Wednesday, January 16, 2008

Wisdom from… [16 Jan.]

POPE ST. LEO THE GREAT (400–461): Recognize your dignity, O Christian

Let us give thanks to God the Father, through his Son, in the Holy Spirit, who, by reason of his great charity with which he has loved us, has taken pity on us; and whereas we were dead in sins, has quickened us in Christ to make us a new creation in him, a new handiwork. Let us accordingly lay aside our former way of life with all its works, and claiming our joint portion in Christ's sonship, let us renounce the deeds of corrupt nature. Recognize your dignity, O Christian, and once made a sharer in the divine nature, do not by your evil conduct return to the base servitude of the past. Keep in mind of whose head and body you are a member. Never forget that you have been plucked from the power of darkness and taken up into the light and kingdom of God. By the sacrament of baptism you have become a temple of the Holy Spirit. Do not through your depravity drive away so great a guest and put yourself once more in bondage to the devil, for the blood of Christ was the price of your redemption.
(Sermo 1 in Nativitate Domini 1-3: PL 54, 190-193.)

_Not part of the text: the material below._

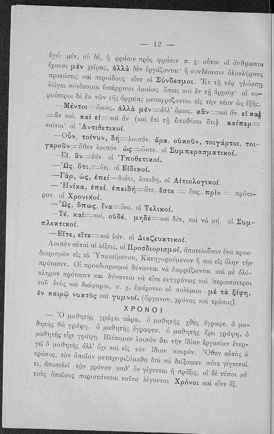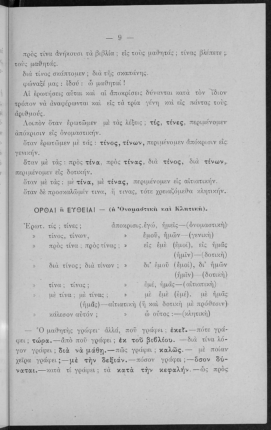 LDR 01873 2200193 4500 035 ## _a01-18471 040 ## _aΙνστιτούτο Εκπαιδευτικής Πολιτικής 041 ## _ael 100 ## _aΙωάννης Ν. Πρωτόπαπας 110 ## _a18471 245 0# _aΕλληνική Χρηστομάθεια δια την πρώτην τάξιν των Ελληνικών Σχολείων, την Ισόβαθμον των Παρθεναγωγείων και την Ε΄ τάξιν των πλήρων Δημοτικών Σχολείων 260 ## _aΑθήνα _bΔ. Δημητράκου _c1909 300 ## _a104 _bΕικόνες (ασπρόμαυρες), Σκίτσα (ασπρόμαυρα) _c21 520 ## _aΣχολικό εγχειρίδιο Αρχαίων Ελληνικών για τις Α' Ελληνικού Σχολείου και Παρθεναγωγείου και την Ε΄ Δημοτικού που περιέχει κείμενα στην αρχαία ελληνική εμπνευσμένα από την ελληνική μυθολογία, και γραμματικές, πραγματολογικές και ερμηνευτικές σημειώσεις. Περιλαμβάνει προεισαγωγικές ασκήσεις για να κατανοήσει ο μαθητής την σχέση και τη διαφορά μεταξύ της αρχαίας και νέας ελληνικής. Κάθε κείμενο περιλαμβάνει την περίληψη του στην καθαρεύουσα και ένα δίδαγμα. 521 ## _aΑ΄ Ελληνικού Σχολείου / Παρθεναγωγείο / Ε' Δημοτικού 522 ## _aΕλλάδα 546 ## _aΚαθαρεύουσα 563 ## _aΣκληρό Εξώφυλλο 650 #4 _aΑποφθέγματα _aΔιηγήματα _aΜύθοι Αισώπου _aΜυθολογία

Bishop of Rome, St. Leo left many letters and sermons to attest to his teaching and preaching, chief among his writings being the Tome he sent to the Council of Chalcedon in 451, an articulation of the hypostatic union which the council hailed as 'the voice of Peter' for orthodox teaching.

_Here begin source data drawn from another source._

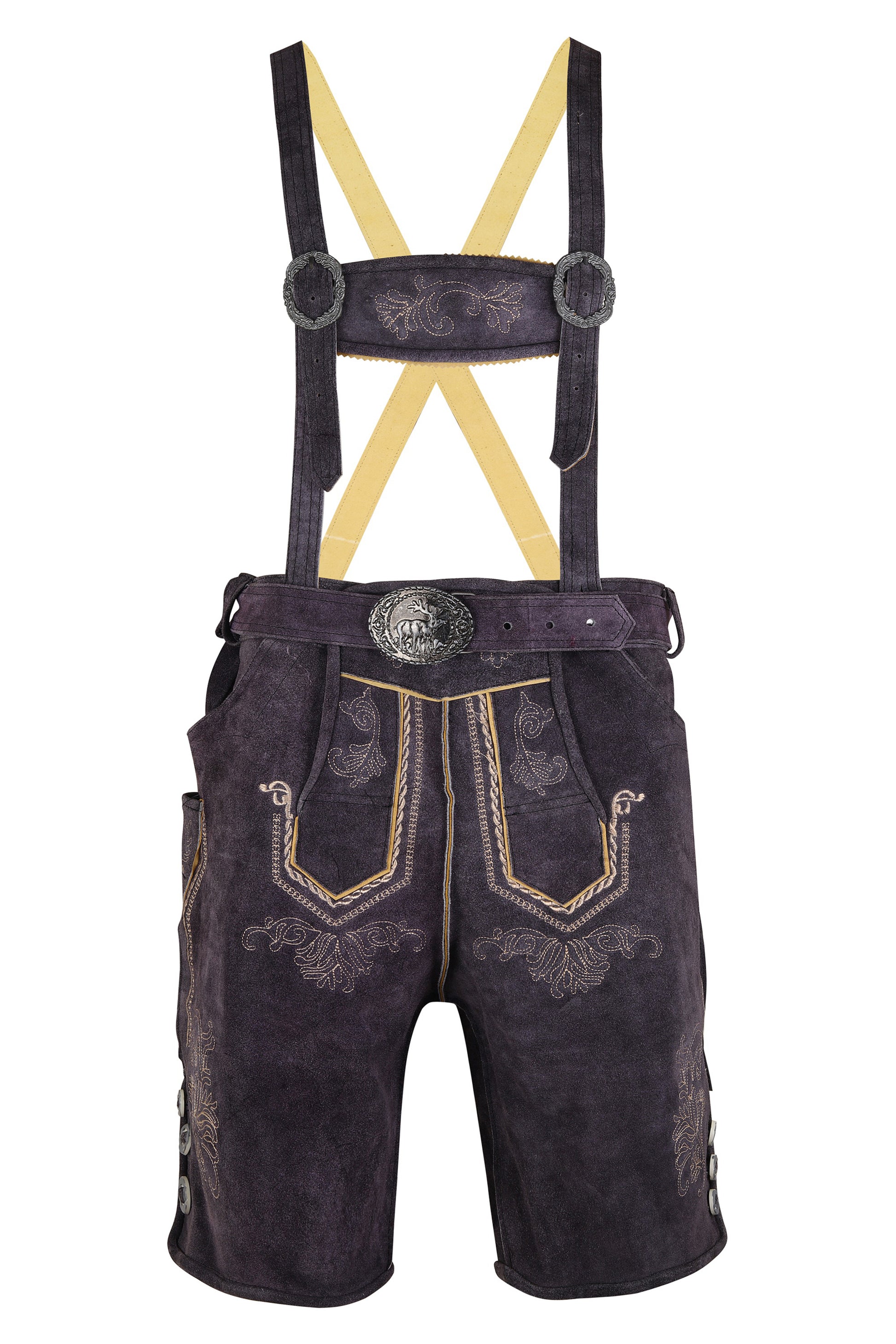 Bring authentic Bavarian tradition to life with these premium lederhosen, crafted from 100% genuine cow leather in a stylish dark grey finish. Featuring classic embroidery, decorative horn-style buttons, a matching leather belt with ornate buckle, and suspenders, these lederhosen offer both comfort and durability.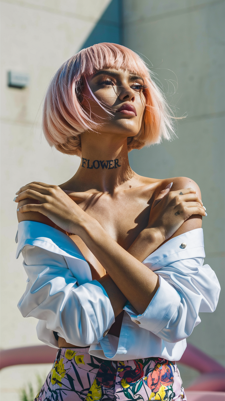 This pastel pink bob is strikingly modern with its sharp, precise cut and straight-across bangs. The soft peach tones in the color create an ethereal, dreamy effect that feels playful yet polished. Ideal for bold personalities, this look is both edgy and ultra-feminine.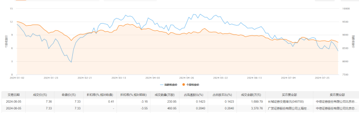协鑫能科8月5日大宗交易成交691.9万股,成交额5078.55万元,占当日总成交额的27.93%,成交均价7.34元,较市场收盘价7.33元溢价0.14%,其中最高成交价7.36元,最低成交价7.33元。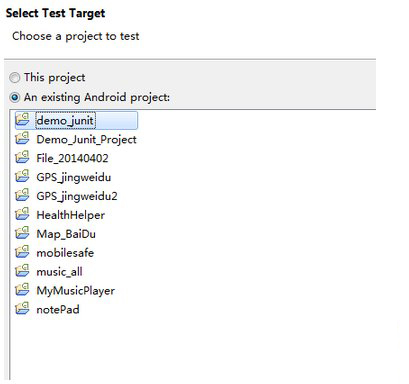 第二种情况时,首先是新建项目,选择Android Test Project:

ST. AUGUSTINE: Observe the Local Custom

When my mother reached Milan, she found the church there not fasting on Saturdays. She was troubled, and hesitated as to what she should do. I applied on her behalf to Ambrose for his advice. He replied, "When I go to Rome, I also fast on Saturday: when here, I do not. If you go to any church, observe the local custom."
-- Letter 54, 2

Prayer. Lord, while I was still far away from you, you coaxed me in a great many ways to hear you from afar and be converted to you and call upon you.
-- Confessions 13, 1


It is a very fine thing to feel ashamed of oneself when one realizes one's own imperfections and misery, but the feeling must not drag on lest one lose heart. It is necessary to raise the heart to God with a holy confidence, founded not in our strength but in God. We indeed change, but God never does; He always remains equally good and merciful toward us, whether we are weak and imperfect or perfect and strong. I always say that our misery is the throne of God's mercy, and so we must realize that the greater our misery, the greater should be our confidence in Him.
(Spiritual Discourses II; O. VI, p. 22)


I HAVE only that which the poor have equally with the rich; which the lonely have equally with the man of many friends. To me this whole strange world is homely, because in the heart of it there is a home; to me this cruel world is kindly, because higher than the heavens there is something more human than humanity. If a man must not fight for this, may he fight for anything? I would fight for my friend, but if I lost my friend, I should still be there. I would fight for my country, but if I lost my country, I should still exist. But if what that devil dreams were true, I should not be––I would burst like a bubble and be gone; I could not live in that imbecile universe. Shall I not fight for my own existence?